Push Turn Move: A Book By Kim Bjørn
How one designer’s obsession for musical machines became an unexpected studio essential.
In a flood of Kickstarter campaigns, Push Turn Move stood out for its freshness. It was niche enough to catch the eye of synth-heads all over the globe, while staying approachable and appealing to a regular coffee table book customer. Understanding the importance of accessibility and curation were key to the success on the book’s mission: cataloguing and exploring electronic instruments and design.
Bjørn recalls an early fascination with liner notes, specifically those of Jean-Michel Jarre and George Duke. He romanticized detail within a record’s artwork, but loved it even more when he could peruse through the full list of instruments used in the making of the album itself. Growing up, he remembers when synthesizers began to make a bigger splash and found himself learning to play the organ. When the time came to choose a career, design took precedent — but he never forgot his first love. It was through Push Turn Move that he’s reignited the passion for music production, as seen through the eye of an experienced designer who sets out to answer the most instinctual questions: why does this look and feel the way it does? Why is this button here? Why specifically this fader? And so many more.

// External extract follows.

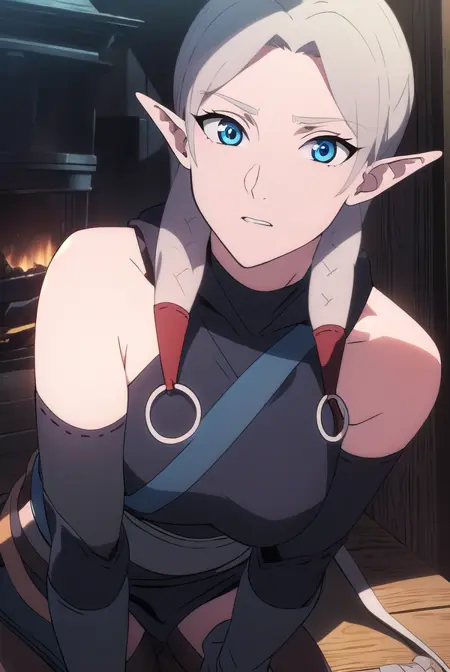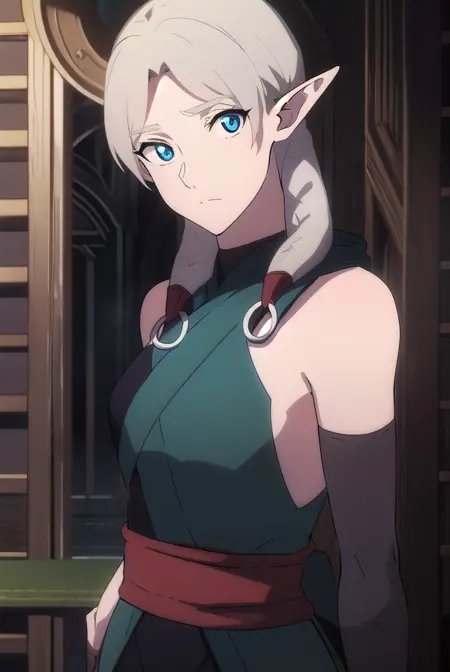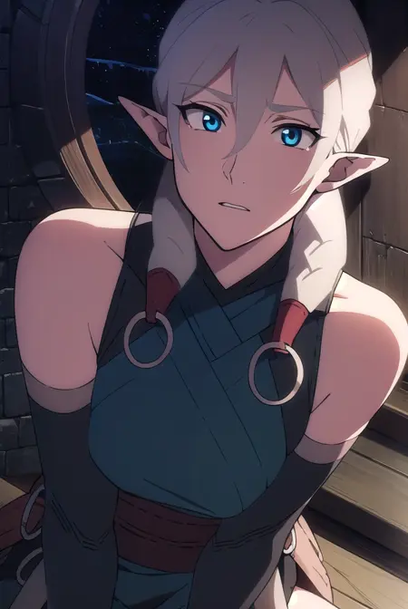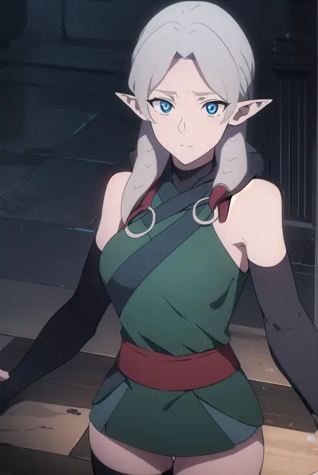 fymryn,尖耳,精灵,白发,双马尾,低双马尾,中长发,

Jean-Michel Jarre, who wrote the book’s foreword, “has been there the whole way and been part of the book somehow.” according to Bjørn. Two years ago, he got a tip from a friend that the artist would be in Copenhagen to perform. This friend happened to be Jarre’s webmaster, someone close enough to facilitate a fifteen minute meeting between the two. Not wanting to show up empty-handed and miss the opportunity of a lifetime, he worked non-stop for a week in preparation to pitch his idol. “Those fifteen minutes were my now or never kind of moment.”

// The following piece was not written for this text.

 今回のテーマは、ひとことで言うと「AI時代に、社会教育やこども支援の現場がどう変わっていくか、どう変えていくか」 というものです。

As it turns out, the idea of crowdfunding was part of the initial pitch and Jean-Michel Jarre was fully sold. Those fifteen minutes built excitement between the pair and they kept in touch. Push Turn Move stopped being a fantasy and began to solidify into a concrete project. It was then that Kim sought out to partner with his friend Lars, who had marketing and distribution chops, as they first began to make noise on the web.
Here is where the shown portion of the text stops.